On art, architecture and beauty

When discussing the concept of Art, I commonly come across a certain set of preconceived notions and subjective preferences that I cannot help but object to. For various reasons, these often involve art as it relates to beauty.
 

1. Restrictive definitions of art.

First of all, there are those who want to place art in a box and define it as something with a very limited scope or meaning. This is in itself, to me, a contradiction, almost an oxymoron. Art is, the way I see it, the complete and total opposite of narrow. It represents a widening of perspectives, an opening of possibilities, an exploration of reality and beyond. Shrinking its scope or trying to define it in a restrictive sense just seems counterproductive to me.
 

2. Art as an object.

Second, there are those who cannot approach art in an abstract sense, but who treat it as an object or a commodity. This strikes me as a rather bourgeois classification of art, as if art is merely something meant to hang on the living room wall and match the furniture. Art is not a product, it is ultimately a thought process. You often hear the argument that “my kid could have made that”, as if this somehow invalidates art. Whether a kid could have made something that shares physical properties with art does not relate to the concept of art. Art is not an ISO standard that can be quantified and measured in terms of quality of detail – that discipline is called craftsmanship. Case in point: Jackson Pollock. The groundbreaking aspects of Pollock’s artistry have very little to do with aesthetics, or assessing his skills as a painter. Instead, they are related to his almost scientific exploration of the physical properties of paint; how the material itself can be expressive and resonate with the eye and mind of the viewer, thus turning the concept of art, and the perception of the artist, upside down. Pollock’s work can in fact be seen as a criticism of the conventional concept of art.
 

3. Art as beauty.

Third, many people equate art with beauty, something I profoundly disagree with. The concept or beauty carries with it certain normative aspects – every age has beauty standards that are an expression of cultural preferences and norms, and thus, the idea of beauty can be discussed in an objective light, entirely without being muddled by personal preferences. This has virtually nothing to do with art – I believe art occupies a higher stratosphere than that.
 
Even accepting a very broad definition of beauty, I find this to be a much too restrictive description of art. I also believe it trivializes art, and strips it of meaning. If art is only meant to capture beauty, and if the perception of beauty, as it is frequently said, is individual, then it follows that art would only hold meaning for us as individuals.

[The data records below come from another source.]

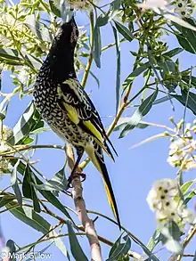 First described by the English naturalist George Shaw in 1794, the regent honeyeater was moved to Anthochaera in 1827 by the naturalists Nicholas Aylward Vigors and Thomas Horsfield.[2] It was known as Xanthomyza phrygia for many years, the genus erected by William John Swainson in 1837. DNA analysis shows that its ancestry is in fact nested within the wattlebird genus Anthochaera. The ancestor of the regent honeyeater split from a lineage that gave rise to the red and yellow wattlebirds. The little and western wattlebirds arose from another lineage that diverged earlier.[3] The generic name Anthochaera derives from the Ancient Greek anthos 'flower, bloom' and khairō 'enjoy'; the specific epithet phrygia derives from Latin phrygius, referring to the people of Phrygia who were skilled in embroidery with gold.[4]
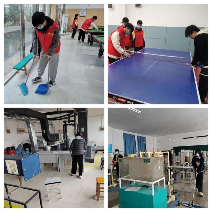 志愿服务实践,助力疫情防控。为积极响应学校疫情防控要求,学院学生志愿者参与到学校乒乓球室和台球室的值守管理工作以及实验室的清扫活动中。志愿者们整理清洁球室和实验室,及时更换不合格器材,为工大学子提供良好的体育锻炼环境和学习环境。学生党员代表胡兴隆同学积极投身学生社区服务工作,参与学校“齐心抗疫,一起守护工大校园”的公益宣传片拍摄,为校园防疫工作贡献力量。
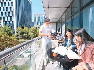 在德清地理信息小镇,浙江国遥地理信息技术有限公司员工在茶歇时间沟通项目进度。
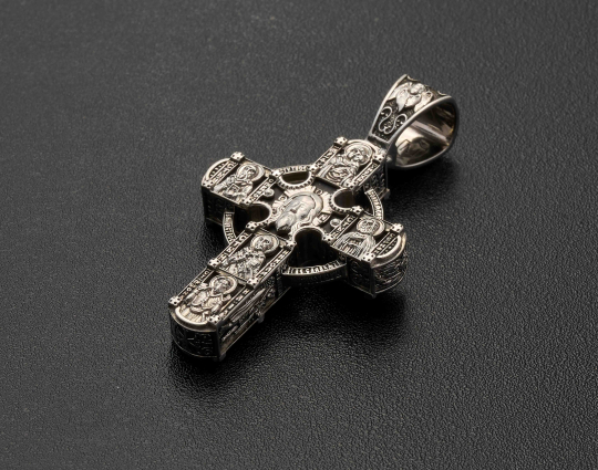 Крест серебряный со Святыми Образами и молитвами | ke902m | Серебро 925 пробы, эбен
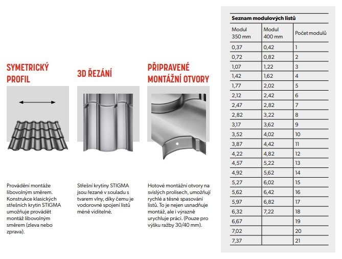 STIGMA jsou klasické taškové střešní tašky, řezané na míru, a proto dokonale přizpůsobené konstrukci střechy. Díky použitým technologickým řešením je instalace jednodušší a nenápadná.

Hence, art could not carry significance to us as a society, which is a conclusion I just have to fundamentally reject. To me, art is the advancement of all things cerebral, spiritual and visual, and it benefits us as a species by widening our horizons and pushing the boundaries of our perception.
 
A few examples: the artistic discipline of sculpture enhanced our appreciation for the human form. The discovery of perspective refined our spatial senses. Impressionism captured the zeitgeist of an era in a way that still helps us understand it. Cubism and constructivism helped us process and humanize industrialism, something that was absolutely necessary to our mental health.
 

4. Architecture as art.

Fourth, perhaps mirroring the perception of art as linked to physical objects, discussions of art and beauty often slide into discussions about architecture, which I find misleading. To me, the architect has always first and foremost been a steward of the practical and functional aspects of everyday life, of laying the foundation for increased quality of life. The perspective of the architect as an artist is a romantic echo from the days when either the nobility or the church acted as patrons-of-the-arts, to further their own interests. This was a detour, even if a lengthy one. It had very little to do with the practical implications of daily life for people in general.
 

5. Beauty in architecture.

Fifth, those who object to modern building styles often see them as the end of beauty in architecture. There’s this notion that organic lines and irregular shapes are inherently more artistic, and that mathematics are somehow taking the art out of architecture. But who’s to say straight lines can’t be art? To argue the contrary frankly just seems a bit silly. In fact, who’s to say mathematics can’t be art? The people of antiquity explored this possibility at length, the golden proportion being but one expression of this; an observation and appreciation of the mathematical correlations to the proportions of the human body. Also straddling the border between art and mathematics, we find for instance scientists like Fibonacci and the mathematic principles of fractals, the implications of which resonate with the natural beauty found everywhere on the planet, allowing beauty to be viewed through the prism of mathematics, elevating both principles to something actually resembling art.
 
Because norms change, and the concept of beauty changes with the times, it can be said that we as a society are actually engaged in a whitewashing of things we consider ugly, even though those very things may have once been considered expressions of beauty. This is especially true of America, where architecture today is a slave to business interests, and buildings are razed because they’re worth more to investors if they are rebuilt in a style more consistent with popular preferences. This is leading architecture down a path of silly pastichery, completely unmooring architecture from its progressive role in channeling and shaping modern lives.
 
Modern architects like Frank Lloyd Wright or Ludwig Mies Van Der Rohe did not end beauty in architecture, but contributed to translating previously romanticized aspects of architecture into something more attuned to modern lives in an industrial age. Frank Lloyd Wright was most definitely a herald of change, and I happen to think it was mostly a change for the better. I don’t find anything worth romanticising in the living standards of the 1800s.
 

6. Art as divine inspiration.

Sixth, even among art aficionados, there is sometimes a notion that art needs to be aspirational, somehow reaching for the stars, imbued with a divine presence. This type of audience often rejects art that is perceived as ugly or disparaging, but I must confess I find it hard to relate to. Art reflects human nature, meaning, art can help us understand ourselves and our limitations, warts and all.
 
Rejecting art on the grounds that it is ugly fundamentally reflects whether you want to see art through rose-tinted lenses, or whether you want art to be true.
 
Coincidentally, the same holds true for theism and religion.
 

7. Modern art is meaningless.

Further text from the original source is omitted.